There’s also a big plus in terms of energy demand related to buildings, and the most important issue here is still cooling and heating. In heating, we have seen a factor difference of up to six between buildings being denser compared to lower density. That’s a six-fold difference in energy demand. When it comes to cooling, we’re just about to release a study that suggests the factor is three-fold. These are very big numbers.
If you want to use grid-based systems that combine heat and power, you require threshold densities. Denser urban environments have a higher utilization of your infrastructure: the roads, the grid systems, the sewage, all the underground pipes and cables—all of that is more efficiently used.
Recently, there’s also an argument that a compact city may enable us to advance towards a more sharing-oriented economy where we don’t have to each individually own the goods we use but we can share them across the neighbourhood or amongst our fellow citizens. That is also an environmental issue.

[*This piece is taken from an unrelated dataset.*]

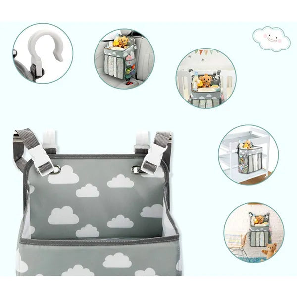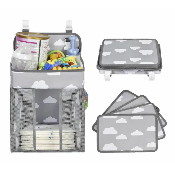 Praktikus, babaágyra akasztható szervező, amely egy helyen tartja a pelenkázáshoz és altatáshoz szükséges kellékeket. Az erős akasztók segítségével könnyen feltehető a kiságy peremére, így minden kéznél van éjszaka is.
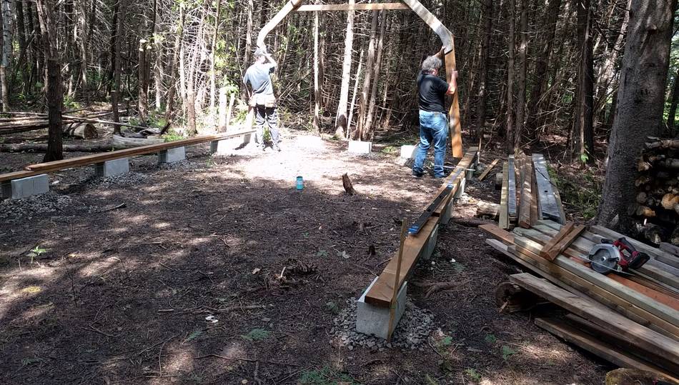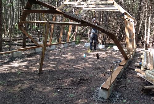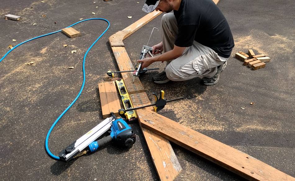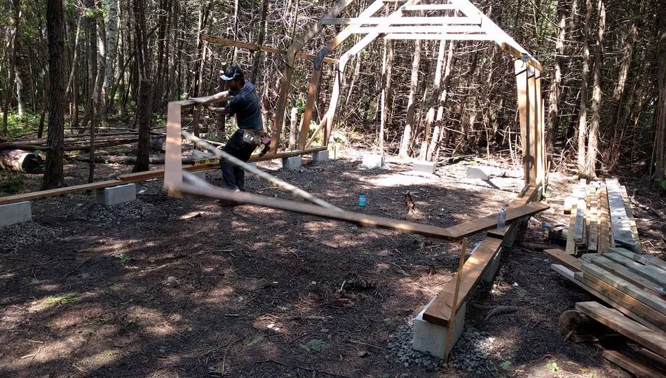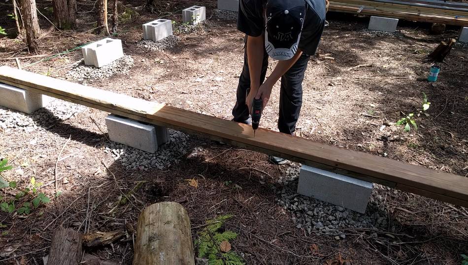 The bottom plate for the shed consists of two layers of 2x6 lumber screwed

There’s an equal discussion going on in economics around the benefits of a compact city in terms of economic development. A long-standing argument is that agglomeration effects are a key for growth for innovation and there are relatively high correlations between compactness and productivity, and the efficiency of labour markets. It seems to be quite positive.
And then you have a range of social issues, and this is maybe where the evidence is a bit more mixed. There’s certainly massive social advantages for cities which are less car-oriented as neighbours know each other more, and there is more human interaction and exchange. You could say health and pollution is also a social issue, so if you have a higher percentage of public transport—ideally electrified—then local air pollution goes down. That has major health benefits. If people live in more compact cities, they are more active as they walk and cycle more.
LF:
What are the challenges of a compact city?
PR:
If you don’t manage the transition towards compactness properly, there are a range of issues related to affordability. Many cities that have successfully become more compact have also seen a considerable increase in real estate prices. Cities really need to think about housing affordability. That’s not to say that compactness means unaffordability, but it’s to say that compact city policies need to consider how to ensure that the city remains an inclusive environment.
There are other benefits which goes a bit back to the environment, such as the urban heat island effect. Singapore has lots of green spaces, but if you don’t manage this properly, you may have higher temperatures in more compact, dense, urban environments.
There are a whole range of more normative issues too. Some people would argue, “Well my house, my personal garden, my personal car is a very important part of my life. And therefore, I’m not willing to get rid of this,” or “This is a very desirable thing.” This is a question of aspiration, of what people want. We are seeing globally that humans are quite flexible when it comes to what quality of life means. People in Barcelona and Singapore may have even higher levels of quality of life than in many Australian or American cities which are more sprawling, and are more oriented towards private property and wealth.
LF:
Should more cities aspire to become compact?
PR:
We need to be absolutely clear that, particularly in Asia, there are many cities which are already hyper dense. And here, it’s much more a question of if they expand, and they need to expand, cities like Mumbai will have to expand into their hinterlands ideally along rapid rail corridors, and with some of the key logic of compact urban growth attached, but then in new areas. So the idea of containment would be problematic in that context. But there are many cities in Europe, or sort of the broader OECD (Organisation for Economic Co-operation and Development) context where the existing urban footprint of the city allows for—at least for the foreseeable future—accommodating most of the urban growth within the existing city.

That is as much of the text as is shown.